Saudi Arabia’s religious police lose powers of arrest

Saudi Arabia has barred its religious police from pursuing suspects or making arrests, curbing the powers of an institution whose aggressive enforcement of the Islamic kingdom’s strict morality rules has drawn criticism from more liberal Saudis.

The force, which hardline clerics say is central to imposing Saudi Arabia’s austere form of Sunni Islam, patrol public spaces to enforce bans on alcohol, music, prayer time store closures, and the mixing of unrelated men and women.

It also imposes strict modesty requirements on women’s dress.

The kingdom adheres to an ultraconservative interpretation of Islam.
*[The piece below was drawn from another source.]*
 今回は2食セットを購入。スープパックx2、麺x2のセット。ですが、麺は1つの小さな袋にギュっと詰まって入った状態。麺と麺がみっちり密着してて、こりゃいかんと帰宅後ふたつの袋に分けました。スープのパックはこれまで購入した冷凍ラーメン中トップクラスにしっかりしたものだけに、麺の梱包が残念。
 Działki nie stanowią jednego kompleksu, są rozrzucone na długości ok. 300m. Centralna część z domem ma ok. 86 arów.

Women must wear long, loose robes known as abayas when in public and are not permitted to mingle with unrelated men or to drive cars.

However, from now on, members of the Committee for the Promotion of Virtue and the Prevention of Vice (CPVPV) will not be allowed to pursue, question, request identification from, or arrest suspects, according to a cabinet statement carried by state news agency SPA.
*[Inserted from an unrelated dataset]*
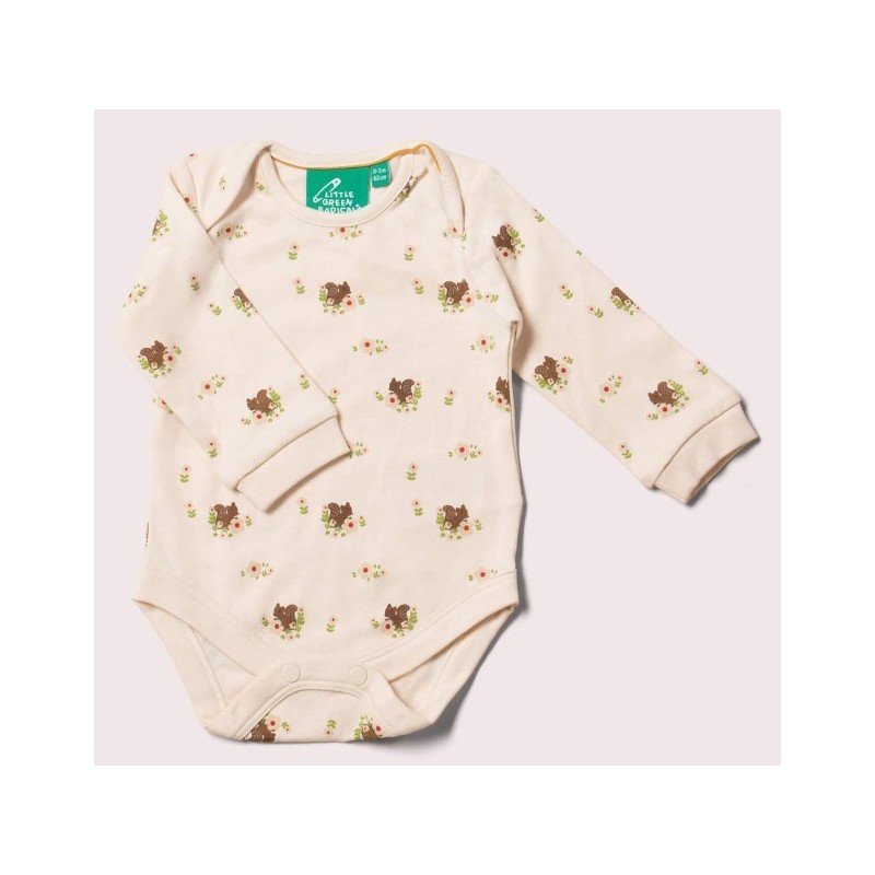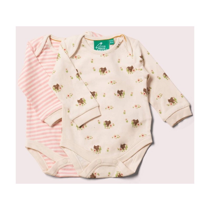 Weiche Baby Bodys im Doppelpack von Little Green Radicals mit Eichhörnchen-Allover und Streifen.

Members must instead report suspected crimes to the police or drug authorities, who will carry out law enforcement actions.

Members are now also required to show identity cards while carrying out official duties, the statement said.
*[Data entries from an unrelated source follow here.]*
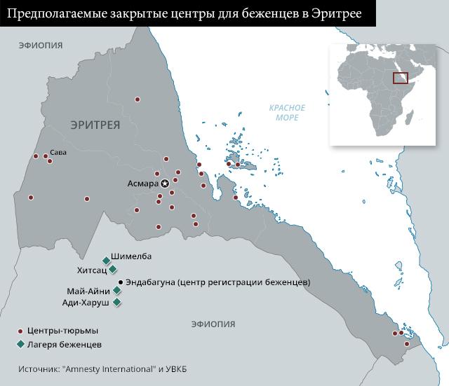 По данным Управления Верховного комиссара ООН по делам беженцев (УВКБ) каждый месяц более четырех тысяч эритрейцев незаконно пересекают границу с Эфиопией и Суданом, спасаясь от тоталитарного режима Исайяса Афеворка.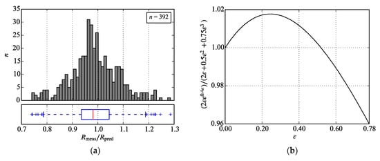 (a) Histogram and boxplot with whiskers at 2.5th and 97.5th percentile of measured over predicted (Equation (10)) runup height Rmeas/Rpred of the overall dataset; (b) 2εe0.4ε over Equation (6) versus relative wave amplitude ε.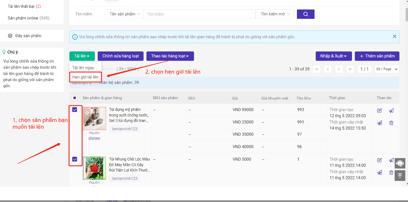 Tính năng này hiện hỗ trợ Shopee, Lazada, TikTok, hẹn giờ tải lên sản phẩm tức là chọn thời gian số người truy cập và mua hàng vào giờ cao điểm để đăng sản phẩm. Bạn có thể hẹn giờ tải lên từng sp hoặc tải hàng loạt, có thể tải gián đoạn hoặc tải liên tục.

Speculation had swirled they could be given greater leeway under King Salman after he sacked a reform-minded religious police chief, a sworn foe of Saudi conservatives, in one of his first decisions after assuming the throne last year.

The new decree also established the role of the president of the CPVPV as a ministerial level position, appointed directly by royal decree.

The squad has come under fire online and in local media over several high-profile cases of car chases resulting in fatal accidents, prompting the commission’s president to ban such pursuits in 2012.

However, a chase the following year killed a member of the Saudi police and put the commission in the spotlight after video from one of the passenger’s phones was posted on social media.

The commission again stirred controversy online last month after video posted on social media showed members beating a young woman outside a Riyadh mall. The patrol had tried to force the woman to cover her face, local media reported.